• [The data]
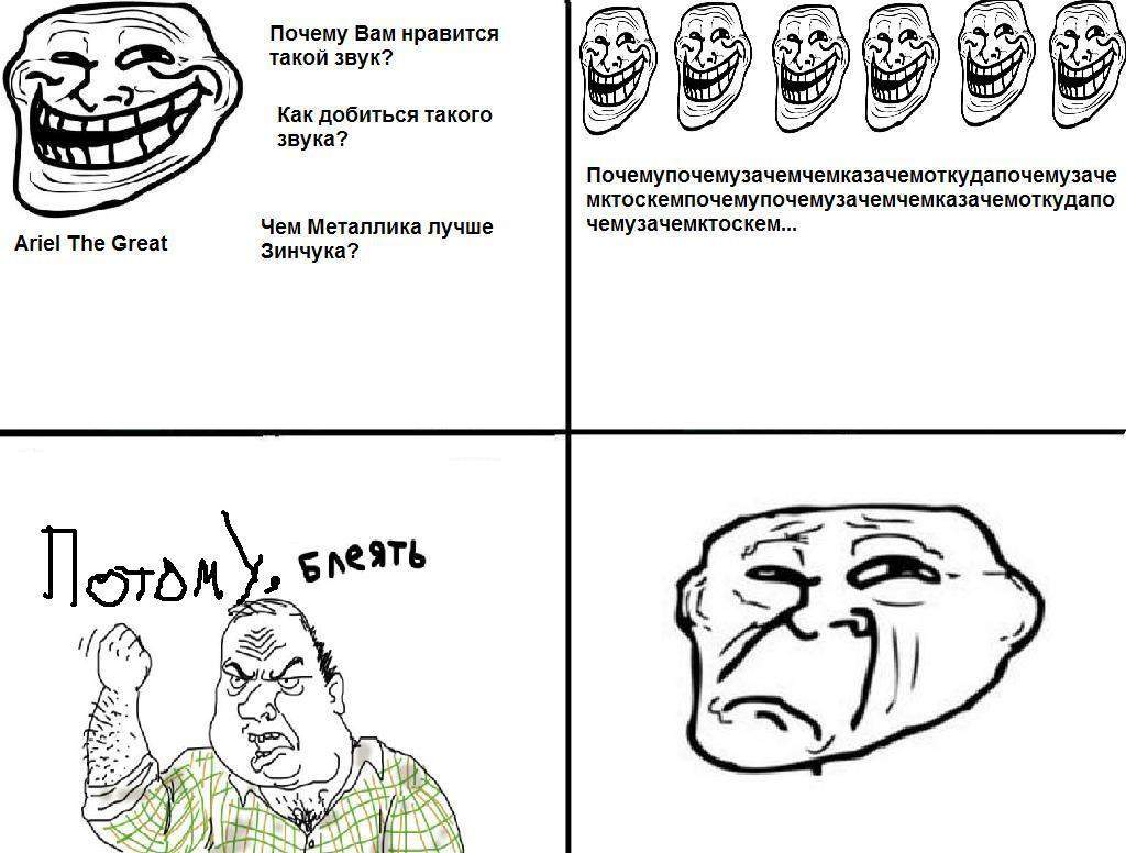 БОльшую часть лажи списывает на отстойное оборудование. Причём деньги у чувака есть, но на вопрос, почему не купит себе что-то получше - отвечает, что будет покупать только американский Джексон и "Маршаловскую стенку", в покупке другого, более скромного оборудования смысла он не видит.
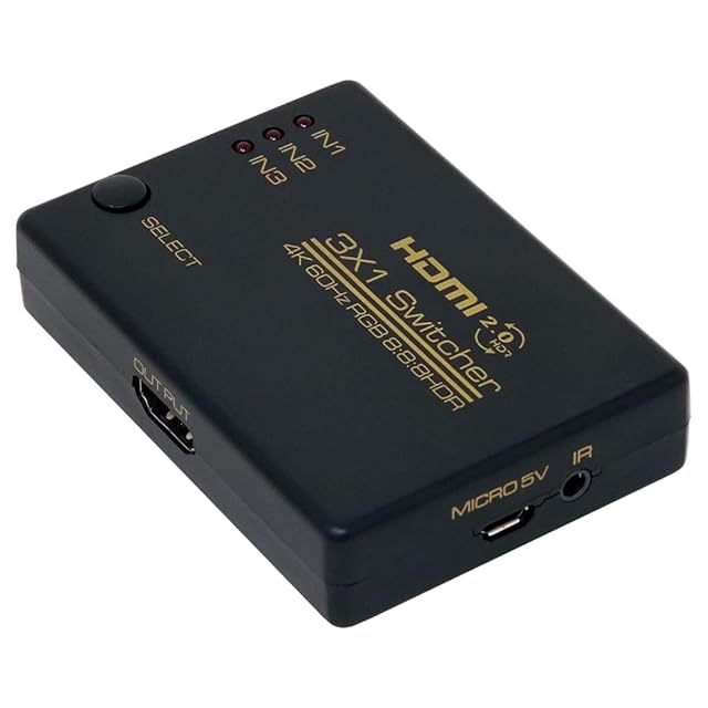 コネクタ形状: HDMI メス (タイプA 19ピン)×3⇔HDMI メス (タイプA 19ピン)×1、サイズ: W80×D58×H18mm、カラー: ブラック
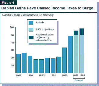 For 1998 and 1999, the administration is projecting continued increases in capital gains, expecting them to rise by 15 percent in 1998 and another 5 percent in 1999. As a result, capital gains would total over $58 billion in 1999, or more than two-and-one-half times their level just four years before.
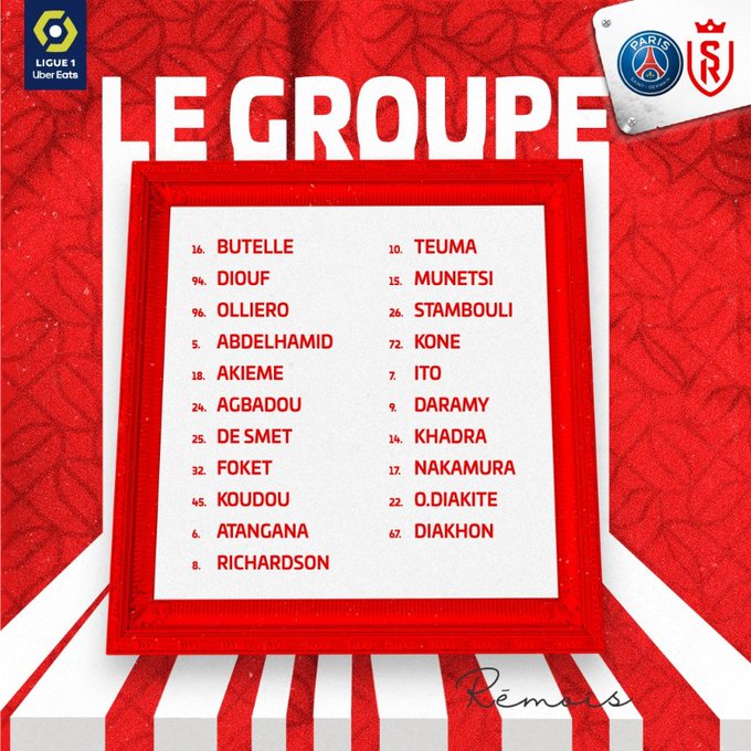 𝙑𝙚𝙞𝙡𝙡𝙚 𝙙𝙚 𝙢𝙖𝙩𝙘𝙝 ! 🔥 👀 Voici les 21 Rémois convoqués par Will Still pour affronter le @PSG_inside demain au Parc des Princes ! ⚔️ 🚑 Busi, Okumu #PSGSDR #GoSDR #NousSommesReims

• [Work required] Whenever a picture appears in the listing, leave it out; copy everything else exactly.

• [Solution]
 БОльшую часть лажи списывает на отстойное оборудование. Причём деньги у чувака есть, но на вопрос, почему не купит себе что-то получше - отвечает, что будет покупать только американский Джексон и "Маршаловскую стенку", в покупке другого, более скромного оборудования смысла он не видит.
 コネクタ形状: HDMI メス (タイプA 19ピン)×3⇔HDMI メス (タイプA 19ピン)×1、サイズ: W80×D58×H18mm、カラー: ブラック
 For 1998 and 1999, the administration is projecting continued increases in capital gains, expecting them to rise by 15 percent in 1998 and another 5 percent in 1999. As a result, capital gains would total over $58 billion in 1999, or more than two-and-one-half times their level just four years before.
 𝙑𝙚𝙞𝙡𝙡𝙚 𝙙𝙚 𝙢𝙖𝙩𝙘𝙝 ! 🔥 👀 Voici les 21 Rémois convoqués par Will Still pour affronter le @PSG_inside demain au Parc des Princes ! ⚔️ 🚑 Busi, Okumu #PSGSDR #GoSDR #NousSommesReims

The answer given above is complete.